What is autism? In mum speak…
I think most peoples burning desire on this one is to just get a straight/one sentence answer, ha ha. It sure would make things a whole lot easier eg ‘it’s a disease and there is no cure’ especially when your children ask you what it is but, the truth is autism is NOT a disease, there is NO cure and it cannot be answered in a simple sentence either.
Now, depending on the attention span of whoever it is you’re talking to, the most important thing to say is that children and adults who are autistic (or have autism) are just like you and me but they see the world very differently to the way you and I do (or their brains are just wired differently).
Autistics see all the incredible details of life in a very visual way and in more detail than we could ever imagine but, perhaps without seeing the bigger picture at times. They have things they will be good at (sometimes REALLY good at) and they will have things they struggle with too (most often social communication), just like you and I. They will also almost always have some or many sensory (noise, touch, smell, light, taste, hyper/hypo) things that can be very intense and even physically painful to them ie way, way more than we notice it. And finally, you may notice what seem like odd or unusual behaviours (little ticks or habits eg rocking, hand flapping) and that’s absolutely fine, they are safe, you are safe, and they are not strange or weird as most of these behaviours really help them to stay grounded/regulated and cope in our crazy world.
In slightly, and only very slightly more academic speak (I am no professional and not an academic), autism is a neurological spectrum disorder, ah-hem. It is also sometimes referred to as the 'Triad of Impairments’ these being1. social communication. 2. social imagination. 3. social interaction. Basically ‘spectrum’ means that all individuals who are autistic are different and once diagnosed fall under this umbrella/spectrum.

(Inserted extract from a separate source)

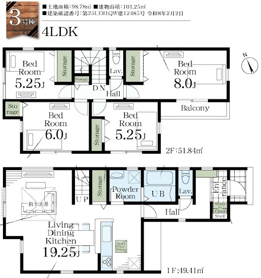 | 間取 | 4LDK (LDK19.25帖、洋室8.0帖、洋室6.0帖、洋室5.25帖、洋室5.25帖) | ||

One end of this spectrum is used to describe high functioning autism (Aspergers) and the other end severe and profound autism but honestly, no-one ever puts a mark on a curve and says ok, your child is here ‘x’. I have no idea where my son is on the spectrum other than he is not high functioning but, nor is he profound, and I don’t really care either.
Autism…It is what it is. You won’t really know it unless you live it.
The problem for people I find though is that it helps them to know what to expect if you can tell them where they are at on this spectrum so, I have had things like “ So, where is he Trish? on a scale of say 1 to 10…?” I know it’s hard to pluck up the courage to ask and please, please DO ASK just preferably not like this ok. Ask the child/adult or parent/carer who is with them all the usual questions such as name, age, school/work (this will tell you so much about ‘where the child/adult’ is at), likes, dislikes etc. It will give them a chance to tell you WHO THEY ARE and (if they choose to do so) say that they are autistic/have autism. Try not to be offended or put-off if they do not respond appropriately, or take longer, or not at all nor, if they do not make any eye contact either, it’s all ok. If it doesn’t go well the first time, please don’t give up.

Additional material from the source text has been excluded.